* [WHAT YOU WILL DO]:
Go to the line holding "This plus size wedding" in the data below. Return it and each line after it through the last, exactly, and skip the pictures.

* [DATASET EXCERPT]:
Start of Block

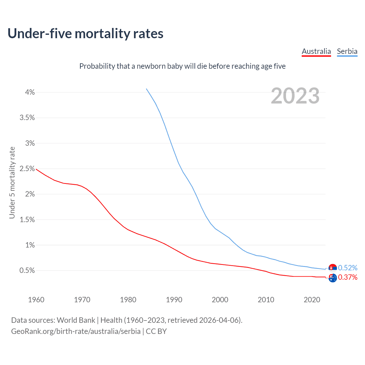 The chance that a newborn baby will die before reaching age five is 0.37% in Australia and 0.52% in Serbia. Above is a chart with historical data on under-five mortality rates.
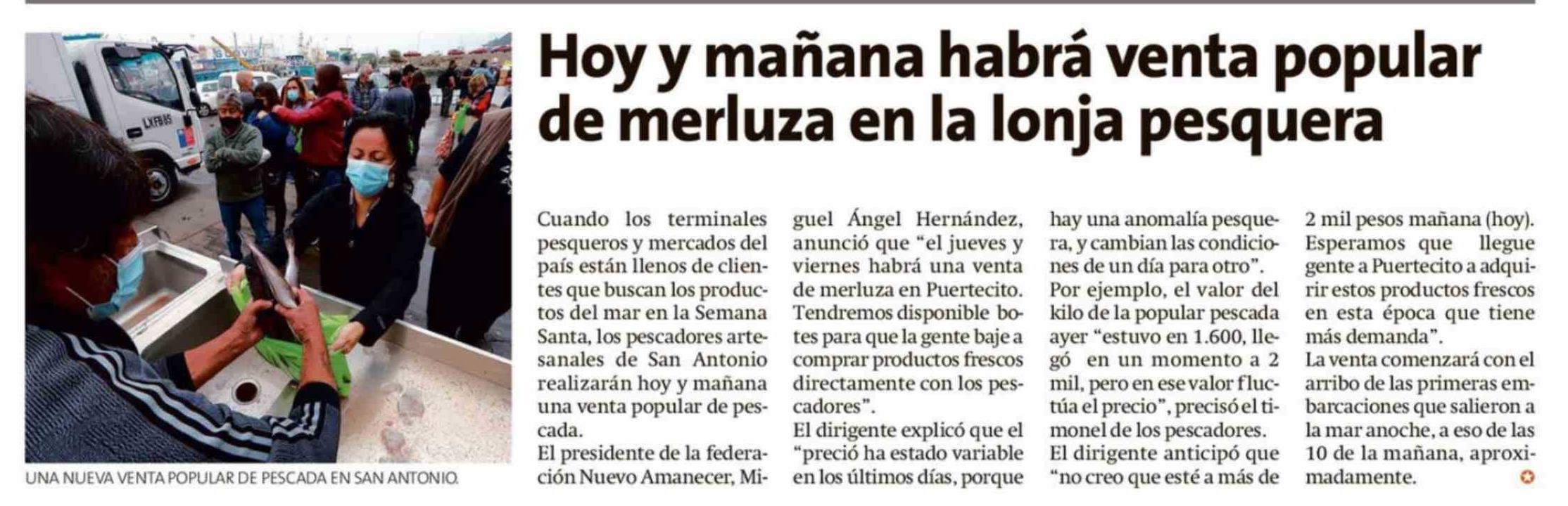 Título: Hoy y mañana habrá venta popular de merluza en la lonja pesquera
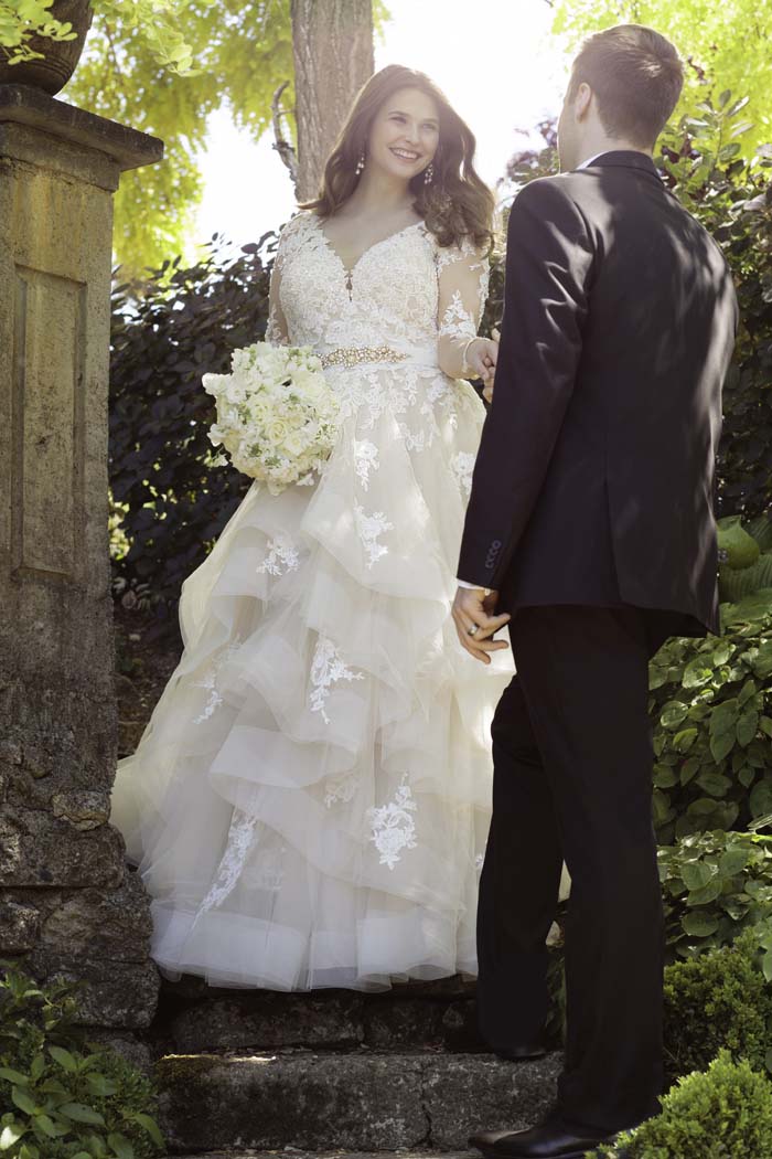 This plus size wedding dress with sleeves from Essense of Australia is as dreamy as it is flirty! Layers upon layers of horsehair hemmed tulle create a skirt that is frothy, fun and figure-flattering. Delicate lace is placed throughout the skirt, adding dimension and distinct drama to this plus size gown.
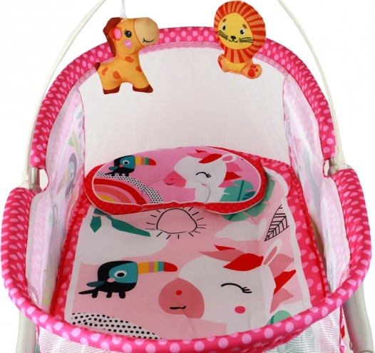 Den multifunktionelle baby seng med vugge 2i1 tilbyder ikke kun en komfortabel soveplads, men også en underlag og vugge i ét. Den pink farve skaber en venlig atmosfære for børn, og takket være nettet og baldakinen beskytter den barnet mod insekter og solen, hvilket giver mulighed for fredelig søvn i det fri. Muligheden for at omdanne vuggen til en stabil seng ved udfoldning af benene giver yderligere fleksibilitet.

End of Block

* [RESPONSE]:
 This plus size wedding dress with sleeves from Essense of Australia is as dreamy as it is flirty! Layers upon layers of horsehair hemmed tulle create a skirt that is frothy, fun and figure-flattering. Delicate lace is placed throughout the skirt, adding dimension and distinct drama to this plus size gown.
 Den multifunktionelle baby seng med vugge 2i1 tilbyder ikke kun en komfortabel soveplads, men også en underlag og vugge i ét. Den pink farve skaber en venlig atmosfære for børn, og takket være nettet og baldakinen beskytter den barnet mod insekter og solen, hvilket giver mulighed for fredelig søvn i det fri. Muligheden for at omdanne vuggen til en stabil seng ved udfoldning af benene giver yderligere fleksibilitet.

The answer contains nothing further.